Maximum you will pay for medically necessary claims in a calendar year (including deductible and copays for most plans).


Pre-Existing Condition

Any medical condition such as cancer, asthma, or diabetes that exists prior to the date that new health coverage starts.

Preventative Care

Routine healthcare that includes screenings such as Pap smears and mammograms, check-ups, immunizations, and patient counseling to prevent illnesses, disease and other health problems.


Qualifying Event

Qualifying Events are events that will allow you, your spouse, or dependents to enroll into the plan other than your open enrollment month. Examples: marriage, birth, adoption, divorce, loss of spousal coverage. An employee has 30 days from the date of the qualifying event to add self/spouse/dependent to the plan. Don’t wait until you have received a social security number for a new baby to add them because it will typically be longer than 30 days until you receive the number.


SBC (Summary of Benefits and Coverage)

An SBC known as a summary of benefits and coverage is guided by Healthcare Reform.

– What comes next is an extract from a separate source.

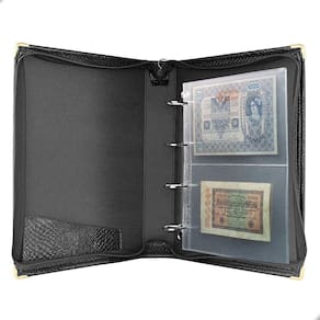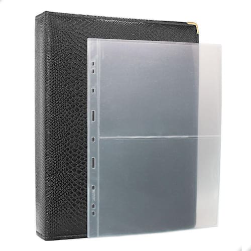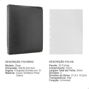 Álbum Fichário 20 Folhas para Cédulas 2 Espaços 32x24 Ziper Cobra GG, é um kit de fichário que acompanha folhas para cédulas em acetato tamanho 32x24cm, a transparência da folha é alta e cristalina, de forma que é possível ver sua cédula sem interferências, e de ambos os lados: frente e verso, dessa forma é possível apreciar sua coleção da melhor forma. Esse kit de folhas é feito em um material resistente sendo o principal organizador de cédulas colecionáveis para colecionador.

It highlights medical coverage, cost, limitations and expectations as well as common scenarios such as – having a baby, managing diabetes, etc.

Self-Insured Plan

A plan usually provided by larger companies, where the employer itself collects premiums from enrollees and takes on the responsibility of paying employees’ and dependents’ medical claims.

Shared Responsibility Payment

A tax penalty created by the Affordable Care Act (and in some cases by state laws). There are two types of shared responsibility payments:

  • Employer Shared Responsibility – A tax penalty imposed on businesses with 50 or more full-time employees if the businesses does not offer affordable health insurance benefits, or if the benefits offered do not provide minimum value.
  • Individual Shared Responsibility – A tax penalty imposed on individuals who didn’t have health insurance between January 1, 2014 and December 31, 2018. This was eliminated in 2019.

Short Term Health Insurance

A policy that provides medical coverage for a limited period of time, usually no longer than 12 months.

Special Enrollment Period

Limited time outside of the standard open-enrollment period in which consumers could be eligible to enroll in a health insurance plan and is typically only available within 60 days of the event.

Special Enrollment Qualifying Event

Life changing events `such as getting married, having a baby or moving.


Income-based financial assistance available to those who buy an insurance plan from state-based and federally facilitated exchanges and who earn up to 250 percent of the federal poverty level.


Third Party Administrator / TPA

A company or an individual that is contracted by the insurance carrier to perform some aspect of its operation, such as claims processing.


Wellness Exam

Wellness exams are covered at 100% because they are known to be a preventive maintenance. However, if you received a diagnosis while at your wellness exam it is no longer considered a wellness visit. If you receive lab work done monthly to prevent something within a diagnosis it is not considered preventive lab or wellness because a diagnosis is associated with it. For Example: If you have lab work done to manage your diabetes it would not be covered as preventive or wellness.